İkimiz birden "Günaydın." dediğimizde, Kubilay'a çevirdi bakışlarını. "Ya senden bir şey isteyecektim."

"Ne isteyecektin?"

"Migren var bende. Evde de ilaç kalmamış. Ben bekledim ama açılmadı da eczane. Bana bir tane ilaç verebilir misin?"

"Şimdi mi?"

"Öğlen arasına kadar ölürüm ağrıdan. Nolur."

"Tamam. Sen dönme bari. Gidip geleyim ben." Canan parayı Kubilay'ın eline tutuşturduğunda Kubilay geri dönüp gözden kaybolmuştu.

"Hadi yavaş yavaş gidelim biz de."

"Dur. Engin arkamdaydi. Gelir birazdan. Sen diğer yoldan gel onu atlat. Ben de Kubilay gelirse direkt okula götüreyim."

"Oha! Yalan mı söyledin?" Benim için günaha girme Canan. İnan bana tek bir kıvılcıma bile değecek bir insan değilim.

"Yok kız annemin migreni var. İlaç al dönerken diye vermişti para. Neyse.
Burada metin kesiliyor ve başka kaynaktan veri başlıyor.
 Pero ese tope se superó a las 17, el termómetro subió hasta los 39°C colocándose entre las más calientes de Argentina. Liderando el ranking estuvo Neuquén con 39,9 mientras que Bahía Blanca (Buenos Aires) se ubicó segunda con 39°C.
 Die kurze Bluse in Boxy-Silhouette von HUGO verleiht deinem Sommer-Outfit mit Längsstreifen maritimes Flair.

Geliyor." diyerek Engin'i işaret etti. "Sizi yalnız bırakayım." dedi o yanımıza geldiğinde gülümseyerek. "Görüşürüz."

"Günaydın. Naber?"

"İyiyim. Sen?" Gülme sen, cehennem zebanisi suratlı zekatı verilmemiş kul hakkı.

"İyiyim. Çok İyiyim hem de. Sen gülüyorsun ya bana. Daha ne olsun." Ne bileyim daha ne olabilir, sen cehennemin dibine falan gidebilirsin mesela. Tam yerin. Yadırgamazlar seni orda. "O arkadaşın yok yanında."
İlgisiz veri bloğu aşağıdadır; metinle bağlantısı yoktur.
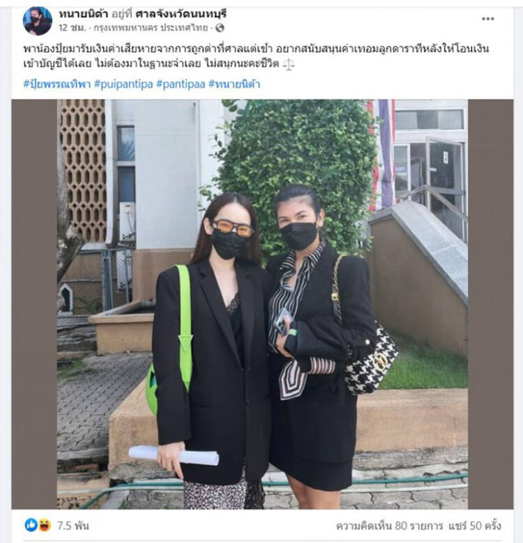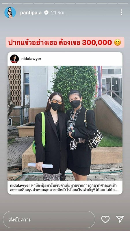 รับคำขอโทษเป็นเงินสดของจริง!! ดาราไม่ใช่ถังขยะอีกต่อไป ก่อนเมนต์ใครต้องเช็กเงินในบัญชี ล่าสุด “ทนายนิด้า” ทนายของ “ปุ้มปุ้ย พรรณทิพา” เมีย “กวินท์ ดูวาล” ได้เผยภาพพาสาวปุ้มปุ้ยไปรับค่าเสียหายจากคู่กรณีที่ศาลจังหวัดนนทบุรี หลังคอมเมนต์เจ้าตัวเรื่องที่ไม่ยอมเผยหน้าลูกแรงมาก งานนี้แม่ปุ้มปุ้ยไม่ทน จัดหนักจัดเต็ม ไม่รับกระเช้า ไม่เอาคำขอโทษ แต่ขอเป็นค่าเทอมลูกเท่านั้น ซึ่งเจ้าตัวได้เผยจำนวนเงินที่เชือดคู่กรณีว่า “ปากแจ๋วอย่างเธอ ต้องเจอ 3 แสน” ไม่มีเงิน อย่าเมนต์แรง โดนเรียกค่าเสียหายเดี๋ยวจะเป็นลม !
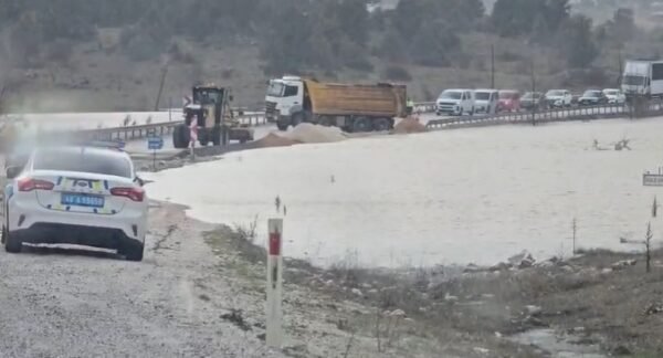 Olay yerine gelen Karayolları ekipleri, suyun yola yayılmasını önlemek amacıyla kumla bariyer oluşturmaya çalışıyor. Ekiplerin müdahalesi sürerken, bölgede araç geçişine izin verilmiyor.

"Her gün onunla gitmiyorum ya okula. Karşılaşınca işte. Çıkışta da aynı sınıftayız evler aynı yerde diye yürüyoruz." Bak bak, yalanlara bak. Parayla olsa kredi çeker alırsın Zeynep. Yok, var bende o şeref yoksunluğu.
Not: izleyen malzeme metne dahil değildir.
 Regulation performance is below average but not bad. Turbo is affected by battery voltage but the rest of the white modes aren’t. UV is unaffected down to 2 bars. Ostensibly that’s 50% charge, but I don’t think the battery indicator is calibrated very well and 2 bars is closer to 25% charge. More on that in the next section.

"O kız da sizin binada, değil mi?"

"Evet." O kızmış. Yedi ceddine kadar araştırıp adını da kendi adın gibi bildiğini bilmiyordum sanki.

"Bugün de onunla gidiyordun demek." Hahayt! Sen akıllı mısın bakayım? Sanki o seni gördü de sen görmedin onu.

"Yok, arkamdan yetişti. Her gün birini mi bekleyeceğim işim gücüm yok. Beklesem seni beklerim." dediğimde erimişti. Kapat o at ağzını. Sinek kaçacak. Malum, seni bok sanıp konabilir.

"Neyse, şunu vereyim de, ben de gideyim." Götüne sok o çiçeği. Elinden daha estetik durur.

"Ama ben atıyorum bunları. Yani, istemediğimden değil. Annem görür diye. Yazık değil mi?"

"Olsun. Eline değiyor, sen gülüyorsun ya." Çiçeği bana verip gittiğinde, yemin ederim ki ağlayacaktım. Bu Engin, şu an bunların hiç birini hak etmiyordu. İşin kötü yanı bunun artık umurumda olmaması ve Kubilay'ın kötü olan hiçbir şeyi hak etmemesiydi. Yani, illaha birini üzmem gerekirse, ki şartlar bunu gerektiriyordu, bu kişi kesinlikle Kubilay olmazdı. Geriye tek bir kişi kalıyordu bu durumda. Üzgünüm demek istemiyordum aslında, yaşadıklarımı düşününce. Ama bu Engin'e karşı, kesinlikle bir özür borçlu olabilirdim.

Elimde çiçekle Kubilay'a yakalanmamak için hızla yürüyüp ilk gördüğüm çöpe çiçeği attım. Sonra da okulun bahçesine gidip saatin gelmesini bekledim etrafa bakınırken.

Ne saçma dertleri vardı bu yaştakilerin?

Kızın biri saçımız açık gelsek ne olacak sanki diye sormuştu. Bir diğeri aman uçlarını azcık boyadım da hemen azar yedim diye yakınıyordu. Öteki dizinin hizasında olan eteğini bir parmak daha kisaltamamis olmanın derdindeydi. Başkasının derdi daha da büyükmüş gibi atladı lafa, "Anneme dedim seneye de olur alma bir beden büyük diye. Al, tam oturmuyor işte üstüme."

Vay efendim, ne dertler var dedim kendi kendime. Bir zamanlar bunların aynısına yakındığımı düşününce güldüm sonra kendi halime.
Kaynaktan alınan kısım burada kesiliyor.